Allah Teâla (Celle Celâlühü) Bakara suresinde şöyle buyuruyor:
Eğer onlar böyle sizin iman ettiğiniz gibi iman ederlerse, gerçekten doğru yolu bulmuş olurlar; yüz çevirirlerse onlar elbette derin bir ayrılığa düşmüş olurlar. Allah, onlara karşı seni koruyacaktır. O, hakkıyla işitendir, hakkıyla bilendir.
(el-Bakara, 137)
Buradaki “sizin iman ettiğiniz gibi” ifadesi Peygamberimiz (sallallahu aleyhi ve sellem) ve Sahâbesi kastedilmektedir.
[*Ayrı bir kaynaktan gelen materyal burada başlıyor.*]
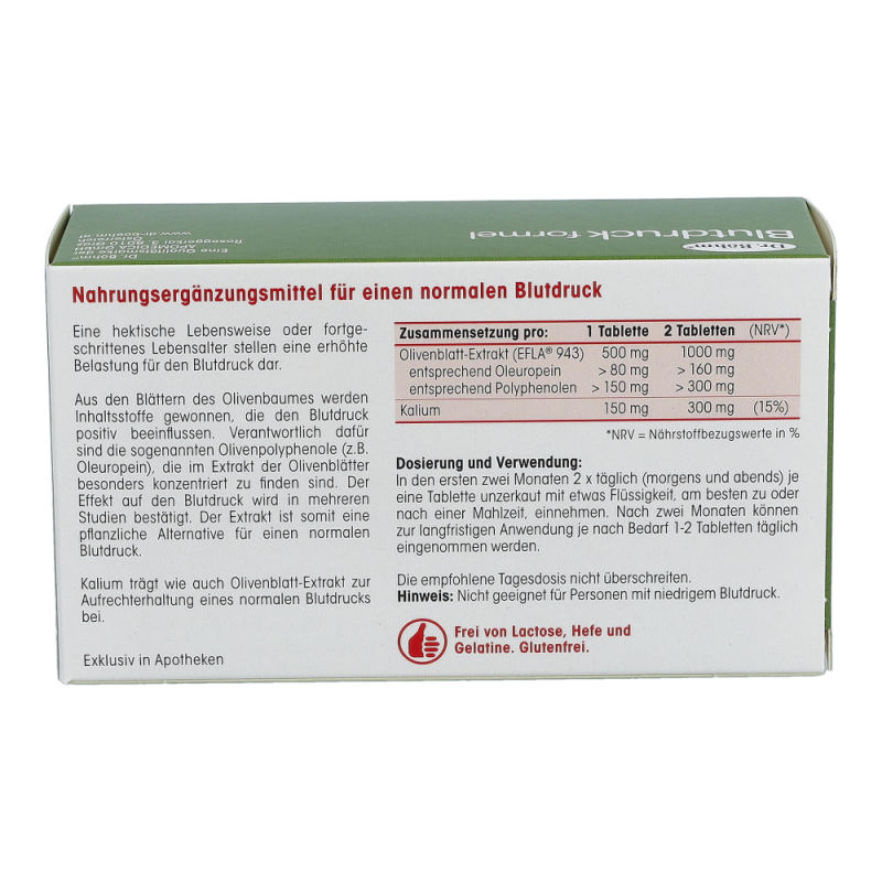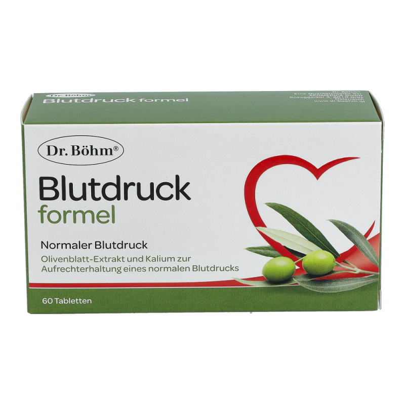 Dr. Böhm® Blutdruckformel Tabletten 60 Stk. ist ein pflanzliches Mittel für einen normalen Blutdruck. kombiniert Olivenblatt-Extrakt und Kalium, die zur Aufrechterhaltung eines normalen Blutdrucks beitragen. Eine hektische Lebensweise oder fortgeschrittenes Lebensalter stellen eine erhöhte Belastung für den Blutdruck dar. Die Blätter des Olivenbaumes enthalten Substanzen, die den Blutdruck positiv beeinflussen. Verantwortlich dafür sind die sogenanntenOlivenpolyphenole (z.B. Oleuropein), die im Extrakt der Olivenblätter besonders konzentriert zu finden sind. Der Effekt auf den Blutdruck wird in mehreren Studien bestätigt. Der Extrakt ist somit eine pflanzliche Alternative für einen normalen Blutdruck. Nicht geeignet bei niedrigem Blutdruck.
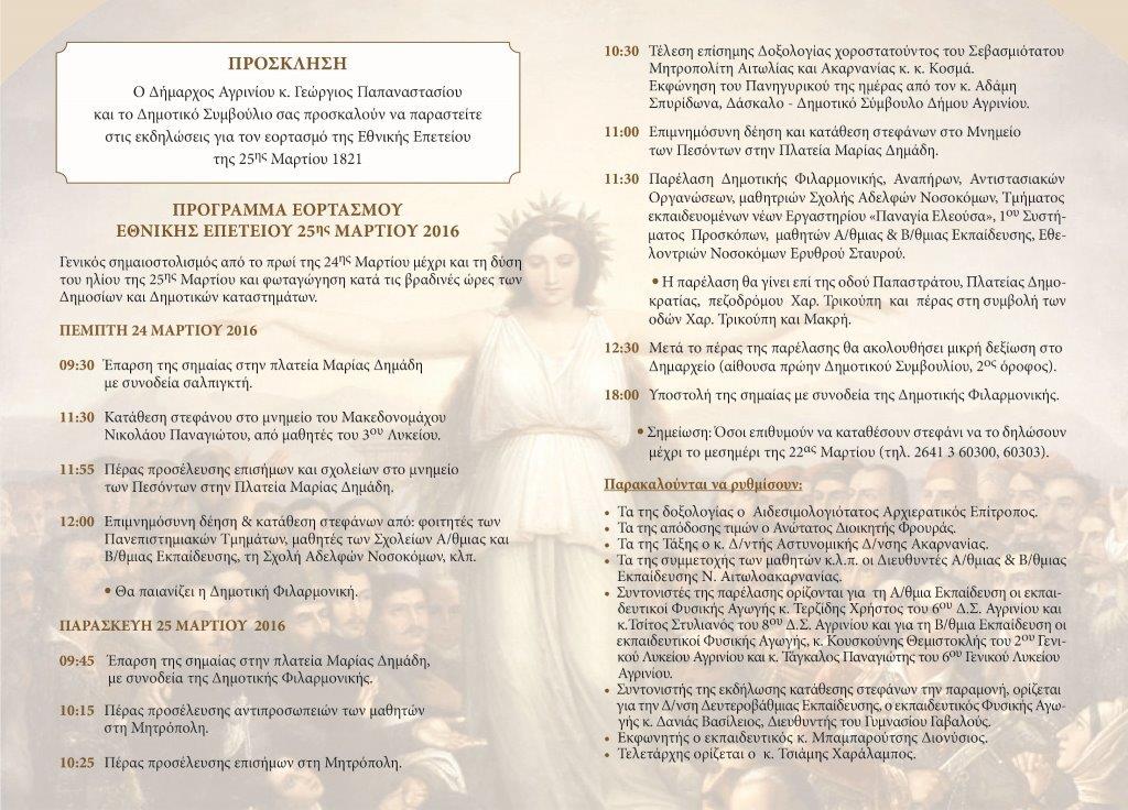 Ο Δήμος Αγρινίου ανακοίνωσε το πρόγραμμα εορτασμού της Εθνικής Επετείου της 25ης Μαρτίου 1821, που ξεκινά με σημαιοστολισμό και εκδηλώσεις από το πρωί της 24ης Μαρτίου.
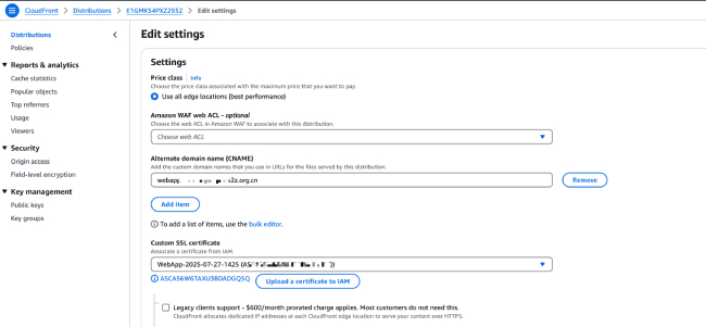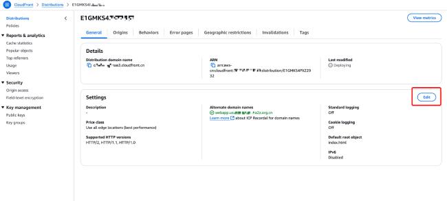 Open the CloudFront console, create or select your existing distribution, and find the option to edit alternate domain names and SSL certificates.
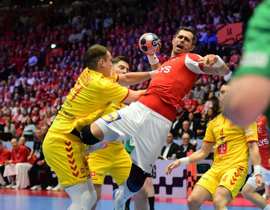 Македонската ракометна репрезентација со пораз го почна Европското првенство во Данска, Шведска и Норвешка. Светскиот и олимписки првак, Данска, славеше во преполната „Јуске Банк Боксен“ во Хернинг со 36:24 (17:12).

Yani “ehl-i sünnet ve’l-cemaat” yolunda olanların doğru yolu bulmuş olduğu belirtilmektedir.
Yine Kur’ân-ı Kerîm’de:
“…Peygamber size ne verdiyse onu alın, neyi de size yasak ettiyse ondan vazgeçin…”
HAŞR SÛRESİ (59/7)
“Andolsun, Allah’ın Resûlünde sizin için; Allah’a ve ahiret gününe kavuşmayı uman, Allah’ı çok zikreden kimseler için güzel bir örnek vardır.”
AHZÂB SÛRESİ (33/21)
meallerindeki âyetlerde buyrulduğu gibi, Allah Teâlâ (Celle Celâlühü), hayatın bütün dallarında, Peygamber Efendimiz (sallallahu aleyhi ve sellem)’in sünnetine uymayı emretmiştir. Rasulullah (sallallahu aleyhi ve sellem)’ın sünnetine uymak, İslâmiyet’i daha doğru anlamanın ve daha doğru yaşamanın yegâne yoludur.
Peygamber Efendimiz (sallallahu aleyhi ve sellem) şöyle buyurdu:
“Size iki şey bırakıyorum, onlara sımsıkı sarıldığınız sürece yolunuzu asla şaşırmazsınız. Bunlar; Allah’ın kitabı ve Peygamberinin sünnetidir.”